The source code for paper Mortality Prediction with Adaptive Feature Importance Recalibration for Peritoneal Dialysis Patients: a deep-learning-based study on a real-world longitudinal follow-up dataset

In this work, our objective is to develop a deep learning model for a real-time, individualized, and interpretable mortality prediction model, AICare, for patients with Peritoneal Dialysis (PD). This study has collected 13,091 clinical follow-up visits and demographic data of 656 PD patients from Peking University Third Hospital, covering more than 12 years. There are about 20 visits recorded for each patient, with an average visit interval of 2.7 months and an average follow-up time of 4 years. To summarize:

  1. Experiment results show that AICare achieves 81.6% AUROC (area under the receiver operating characteristic curve) on the mortality prediction task, which outperforms the state-of-the-art comparative deep learning models while simultaneously providing qualitative interpretability.
  2. This study first provides a comprehensive elucidation of the relationship between the causes of mortality in patients with PD and clinical features based on an end-to-end deep learning model.
  3. This study first reveals the pattern of variation in the importance of each feature in the mortality prediction and provides recommended reference value for most PD patients based on built-in interpretability, without any injection of human physicians' knowledge.
  4. To further foster personalized clinical service, we develop a practical AI-Doctor interaction system to visualize the trajectory of patients' health status and risk indicators.

Some online resources and the research overview figure are listed below:

  1. We have made an abstract presentation video to introduce our work https://youtu.be/BZybN7U_nMs.
  2. Our developed health trajectory visualization system with anonymous case studies is publicly available at http://47.93.42.104/A8.
  3. Visualization of the importance of the features is available at http://47.93.42.104/statistics/feature.
  4. Users can upload the data online to get the prediction results immediately http://47.93.42.104/predict or download the code to train the model based on their dataset offline https://github.com/Accountable-Machine-Intelligence/AICare.

Overview

Mortality Prediction Research Overview for peritoneal dialysis (PD) Patients.

overview.png

Implications

Average Feature Importance Heatmap for Diverse Mortality Causes Generated by AICare.

cod

The darker the color, the greater the importance.

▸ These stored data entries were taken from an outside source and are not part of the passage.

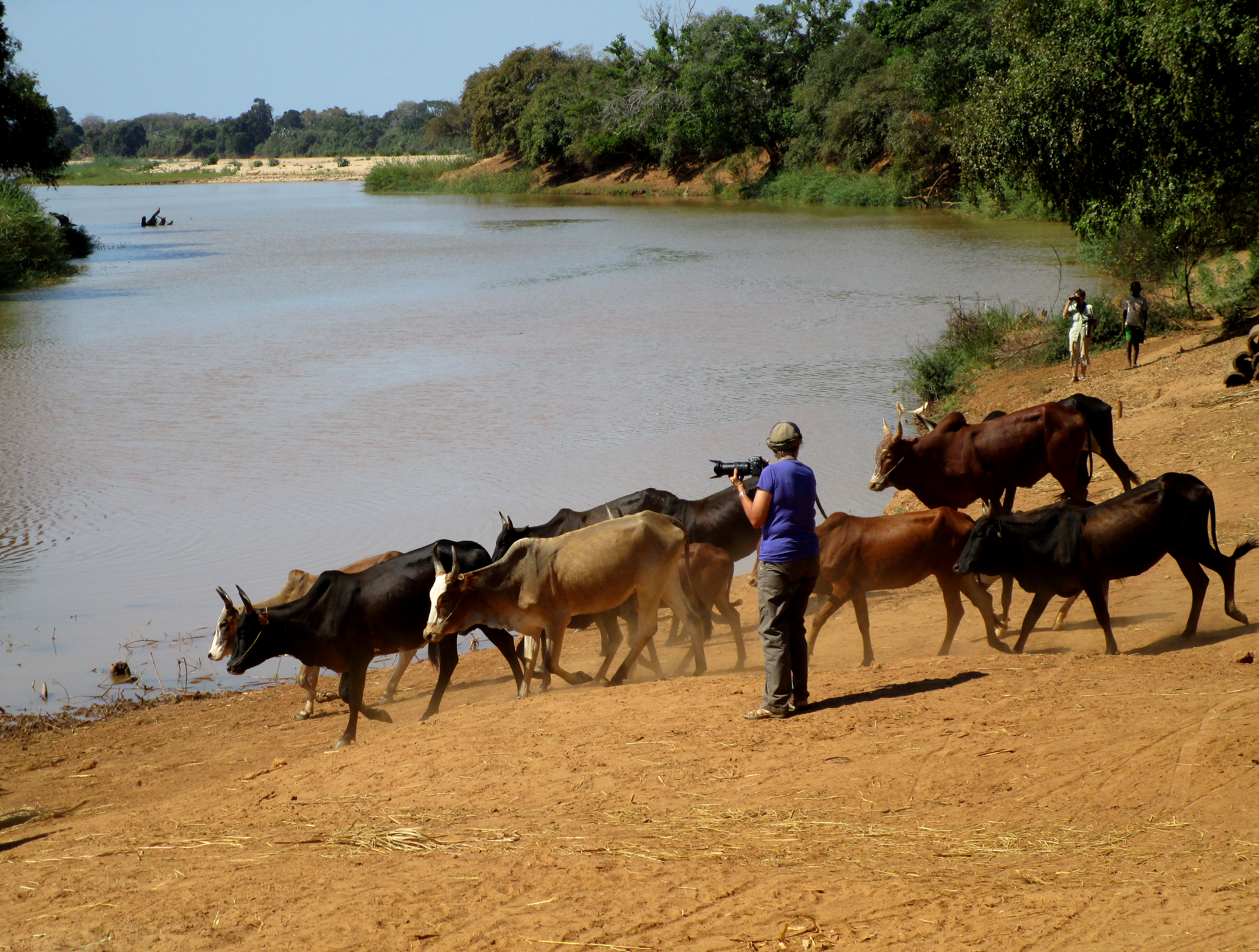 Our progress was blocked by a wide river, the cattle could swim across …
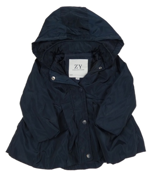 Tmavomodrý šušťákový jarný zateplený kabát s odopínacíá kapucňou ZY
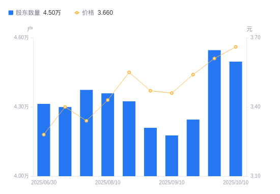 近一年(2024年10月10日至2025年10月10日),阳光照明A股股东户数从3.84万户,增加至4.5万户,增幅17.09%,区间股价上涨34.07%。
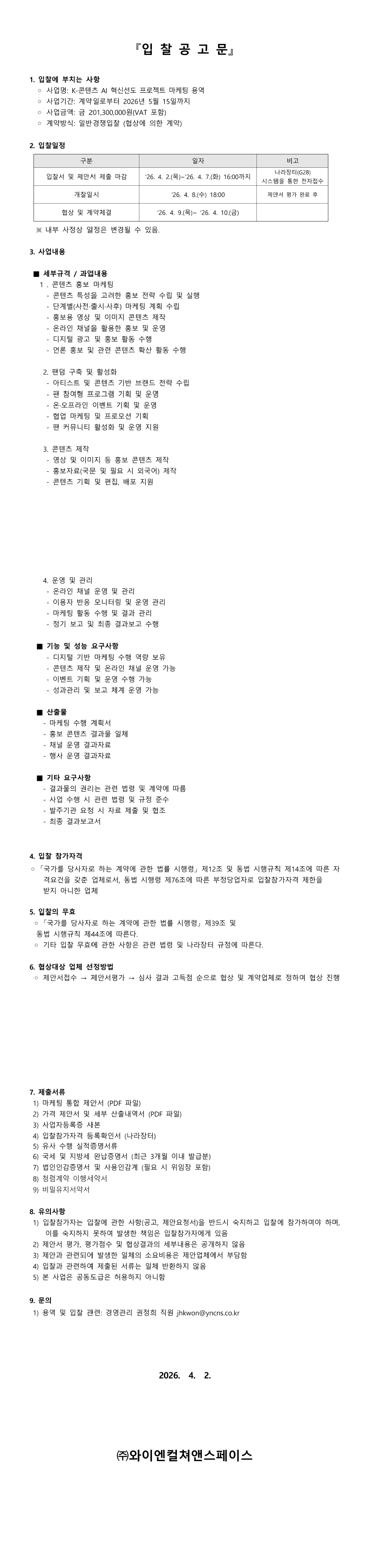 AI 기반 콘텐츠 홍보 및 팬덤 구축 마케팅 용역 계약 |
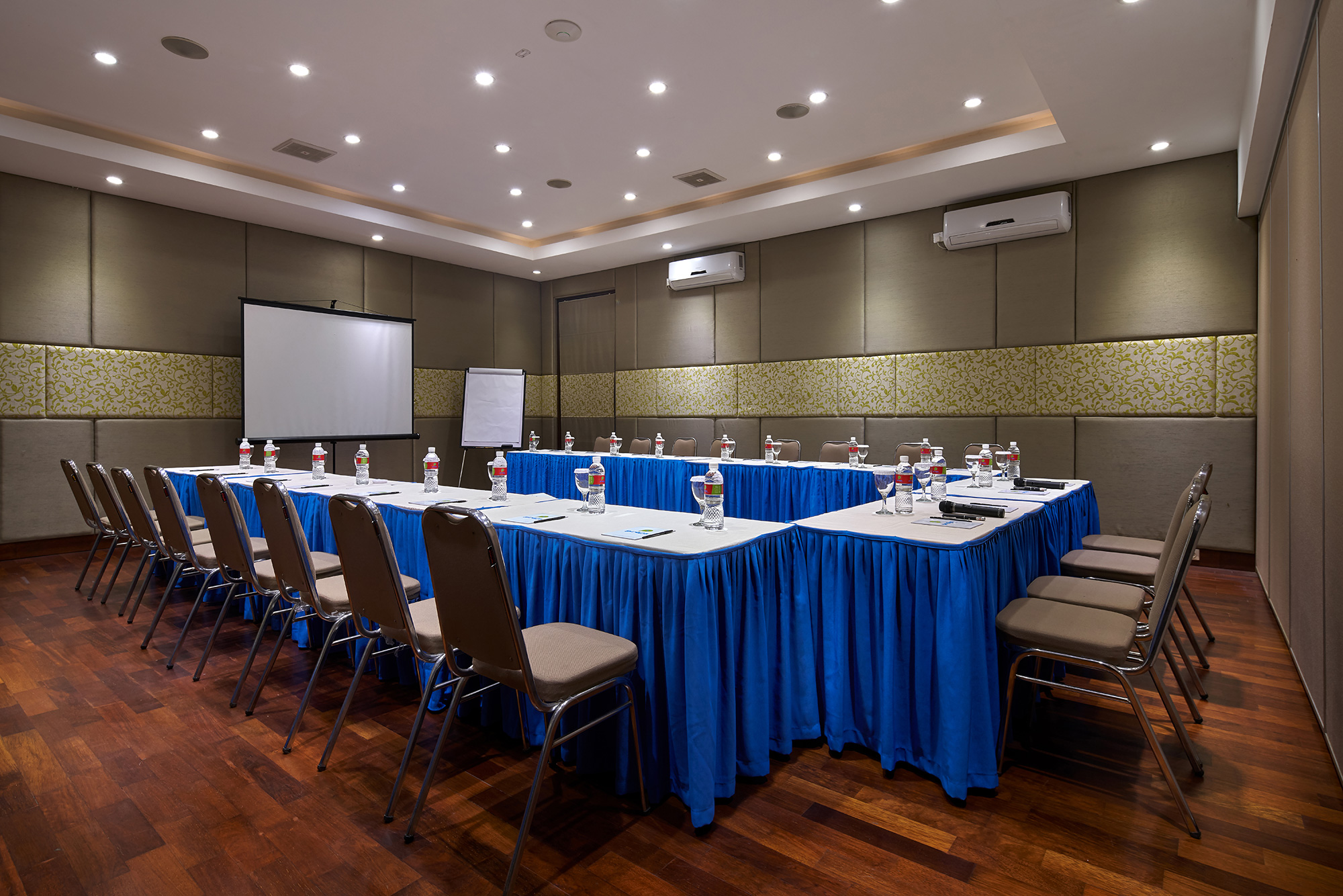 Praja Hotel provides a modern meeting room that comfortably accommodates up 100 delegates in a theatre style set up. This multi-purpose facility is supported by a LCD projector, WiFi and other essential amenities. It is fully soundproof and has an elegant wooden floor along with windows to provide natural light. There is an adjacent reception area, a charming rooftop terrace and bathrooms to complement this meeting venue. It can also be used for social occasions such as small weddings as well as informal gatherings.

  • Serum albumin is the most important feature in mortality prediction, especially for peritoneal dialysis (PD) patients who died of gastrointestinal (GI) disease and peripheral vascular disease (PVD).

  • Diastolic blood pressure (DBP) is the second indicative feature, especially for PD patients who died of cachexia, cancer and cerebrovascular disease (CVE).

  • Come with the paper for more details.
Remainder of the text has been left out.